- Title card
- Genre: Drama Romance
- Developed by: Elmer L. Gatchalian
- Directed by: Mac C. Alejandre
- Starring: Derek Ramsay Ritz Azul Alice Dixson
- Theme music composer: Lara Maigue
- Opening theme: "Sa 'Yo Na Lang Ako" by Lara Maigue
- Country of origin: Philippines
- Original language: Tagalog
- No. of episodes: 14

Production
- Production locations: Metro Manila, Philippines
- Running time: 30-45 minutes

Original release
- Network: TV5
- Release: October 17, 2013 – January 16, 2014

= For Love or Money (Philippine TV series) =

For Love or Money is a Philippine television drama series broadcast by TV5. Directed by Mac Alejandre, it stars Alice Dixson, Derek Ramsay and Ritz Azul.
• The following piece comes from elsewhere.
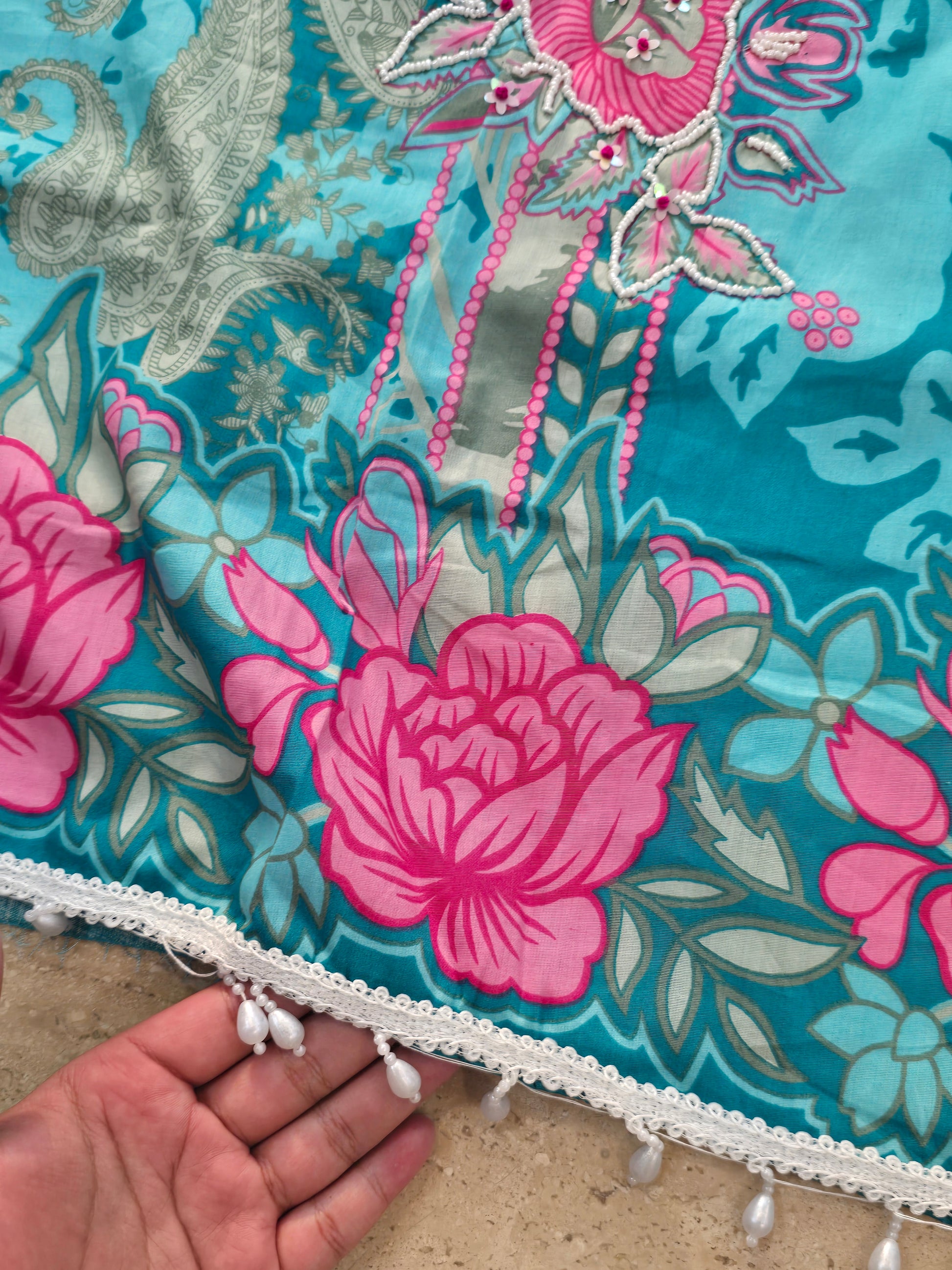 Top pure Lawn Cotton digital print with beautiful stone handwork bust 52. lenght 42 inches
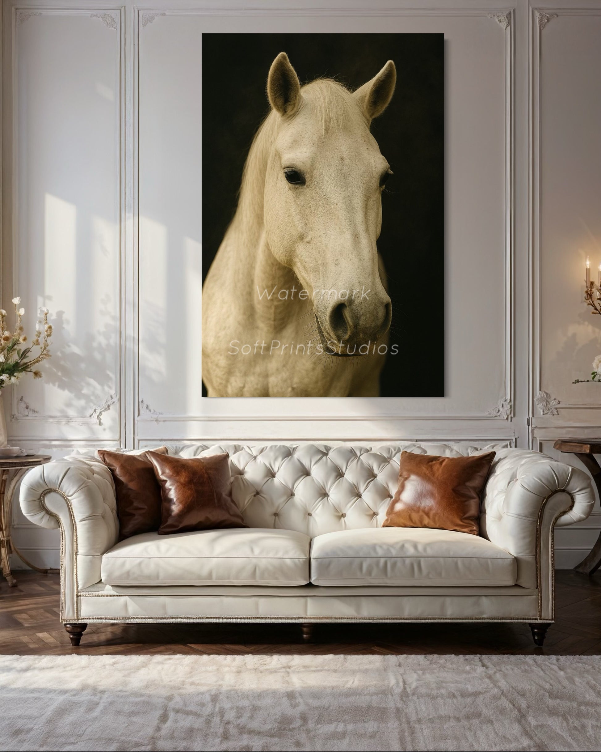Celebrate equestrian beauty with this elegant white horse wall art print—detailed portrait against a dark background, ideal for rustic or farmhouse décor.”

It aired on the network's evening line up from October 17, 2013 to January 16, 2014, replacing Sine Ko 5ingko and was replaced by Obsession.

==Overview==
Roselle and Edward are a young ambitious couple struggling to achieve their dreams, until they cross paths with the wealthy and beautiful Kristine, who offers Roselle 10 million pesos for 10 days with Edward.

==Cast==
===Main cast===
- Alice Dixson as Kristine Almonte - Kristine inherited her family's shipping empire. Having grown up wealthy, she feels she could achieve anything she wants with the right price. Yet all these outward signs of success can't hide the fact that Kristine is lonely—until she meets Edward, to whom she makes an irresistible offer of 10 million pesos for 10 days with him for reasons only she knows.
- Derek Ramsay as Edward Villanueva - Edward owns a small production house that covers events, but the money he earns is just enough to provide for him and his ambitious wife Roselle. When Kristine offers him 10 million pesos in exchange for 10 days with him, Edward and Roselle consider the rewards and consequences of choosing the life-changing money over their love for each other.
- Ritz Azul as Roselle Villanueva - Smart, beautiful but lacking in confidence, Roselle is a regular office worker who dreams of a better life. She loves her husband Edward deeply, but can't give him the one thing that would complete them: a baby. As she's constantly worrying about becoming rich, she feels that they are not yet ready for that kind of responsibility. Suddenly faced with Kristine's tempting offer, will Roselle lend her husband to achieve the life that she's always yearned for?

===Supporting cast===
- Edward Mendez as Benj - Benj is Edward's best friend.
- Ricci Chan as Ambet - Ambet is Kristine's confidante.
- Via Antonio as Joy - Joy is Roselle's best friend.